I love walking. For me, it kills two birds with one stone: I like exploring new places, and I also find it beneficial to my mental health. I spend a lot of time with my siblings, parents, nieces, and nephews, and often travel to Bloomsburg where many of them live. I also read for enjoyment, and I am excited to get back into that because I didn’t read a lot outside of education while in graduate school. My best friend moved back from Philadelphia, so I spend a lot of time with her as well.
The short answer is that we can always do more. There is definitely a wide range of nursing homes and personal care homes in this area, but fewer services that are community-based and focused on helping people stay in their homes longer. I think expanding these options will be helpful. The aging population is always growing, and it seems like many view nursing homes as one of the only options for long-term care if you can’t provide for your loved ones during the day. However, services like ours can help during the day if families want to keep loved ones at home. I hope that through outreach and community efforts, we can help raise awareness of the services that organizations like Senior Day Services offer. It’s so important for people to know what options they have and what options exist for their aging loved ones.
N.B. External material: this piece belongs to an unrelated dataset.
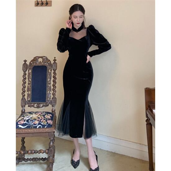 結婚式ドレス 大きいサイズ 長袖 ハイウエスト フィッシュテール スクエアネック パーティードレス お呼ばれ エレガント きれいめ ボリューム袖 ワンピースドレス ミドル丈スカート ブラック レース

So, more funding for community programs would be great, and the Lackawanna County Area Agency on Aging could also always use more funding from the state.
We are working on implementing a caregiver support program. There are many benefits to caregivers talking to a professional, getting out, and doing self-care, but I think another important part of it is being in contact with other caregivers. I’m not a caregiver, so I don’t know first-hand what someone is going through, but a caregiver group would provide a place for people to come together to talk about the struggles and joys with others who have been in their shoes. I would like to create a space for that to happen. Right now, that’s in the very early stages. I have a list of those who are interested, and once we’re back up and running it will be a bit easier to begin to host something.
I’m also looking forward to implementing a full psycho-social assessment for all of the incoming clients. It will be great to be able to get a gauge on where clients—and caregivers—are mentally as well as physically and catch things which may have otherwise slipped through the cracks. This is one of the strengths of being part of a multidisciplinary team; while physical and occupational therapists focus on the more physical side of care, social workers can take care of the social and psychological areas, and ultimately we can ensure all domains are covered.
Along with the Area Agency on Aging, the Alzheimer’s Association is a great resource. They focus mainly on funding the search for a cure for Alzheimer’s, but really anyone can become a part of it. They provide opportunities for agencies and individuals to advocate, whether that means signing petitions, donating funds, or spreading awareness. Some people want to help but are not sure how to get started, so I think it’s important to know even the smallest acts are advocacy moves.
Our Spread Kindness initiative, for example, is a way for people to write encouraging notes to our senior clients, who may be feeling especially lonely in this time of isolation. Small actions will continue to be important especially through COVID-19 to support the aging people in nursing homes or programs like ours.